• [What to work on] Retype the whole listing verbatim and keep the pictures out of it.

• [Dataset section]
*** Block opens ***

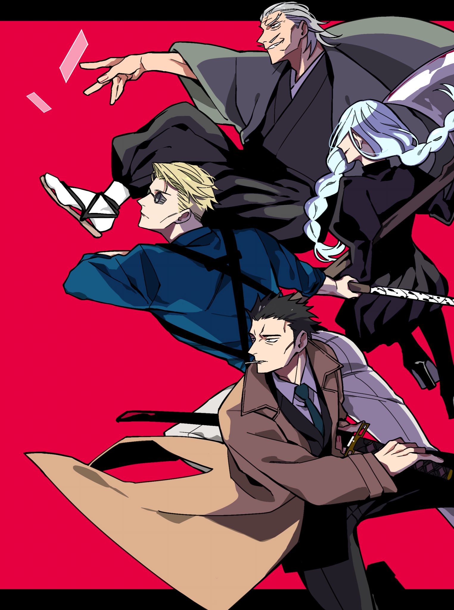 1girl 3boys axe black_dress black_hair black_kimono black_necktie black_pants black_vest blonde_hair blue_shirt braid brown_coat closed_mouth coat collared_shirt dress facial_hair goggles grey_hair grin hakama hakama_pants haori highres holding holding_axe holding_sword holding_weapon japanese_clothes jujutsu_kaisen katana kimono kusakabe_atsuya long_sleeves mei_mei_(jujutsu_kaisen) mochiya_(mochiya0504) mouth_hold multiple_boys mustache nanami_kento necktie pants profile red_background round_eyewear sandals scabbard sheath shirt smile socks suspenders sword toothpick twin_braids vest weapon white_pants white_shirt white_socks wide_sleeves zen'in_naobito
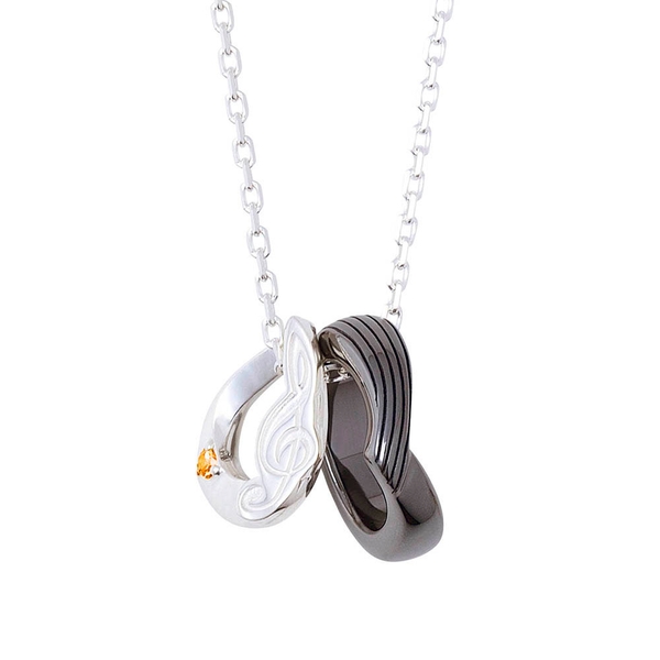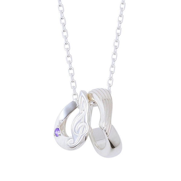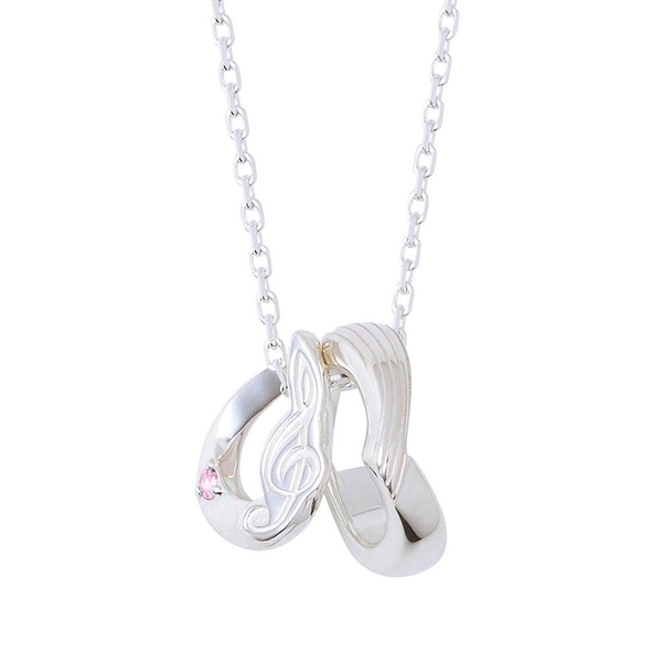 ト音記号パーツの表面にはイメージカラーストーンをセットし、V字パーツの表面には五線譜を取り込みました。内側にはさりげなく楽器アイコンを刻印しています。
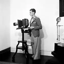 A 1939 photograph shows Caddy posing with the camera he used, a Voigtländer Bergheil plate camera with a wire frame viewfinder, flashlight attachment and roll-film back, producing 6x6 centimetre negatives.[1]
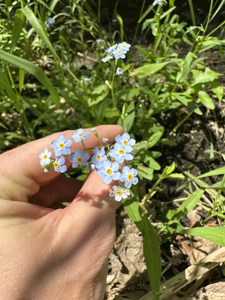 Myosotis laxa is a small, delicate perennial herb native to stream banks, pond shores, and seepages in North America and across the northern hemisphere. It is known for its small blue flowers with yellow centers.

*** Block closes ***

• [Solution for this exercise]
 1girl 3boys axe black_dress black_hair black_kimono black_necktie black_pants black_vest blonde_hair blue_shirt braid brown_coat closed_mouth coat collared_shirt dress facial_hair goggles grey_hair grin hakama hakama_pants haori highres holding holding_axe holding_sword holding_weapon japanese_clothes jujutsu_kaisen katana kimono kusakabe_atsuya long_sleeves mei_mei_(jujutsu_kaisen) mochiya_(mochiya0504) mouth_hold multiple_boys mustache nanami_kento necktie pants profile red_background round_eyewear sandals scabbard sheath shirt smile socks suspenders sword toothpick twin_braids vest weapon white_pants white_shirt white_socks wide_sleeves zen'in_naobito
 ト音記号パーツの表面にはイメージカラーストーンをセットし、V字パーツの表面には五線譜を取り込みました。内側にはさりげなく楽器アイコンを刻印しています。
 A 1939 photograph shows Caddy posing with the camera he used, a Voigtländer Bergheil plate camera with a wire frame viewfinder, flashlight attachment and roll-film back, producing 6x6 centimetre negatives.[1]
 Myosotis laxa is a small, delicate perennial herb native to stream banks, pond shores, and seepages in North America and across the northern hemisphere. It is known for its small blue flowers with yellow centers.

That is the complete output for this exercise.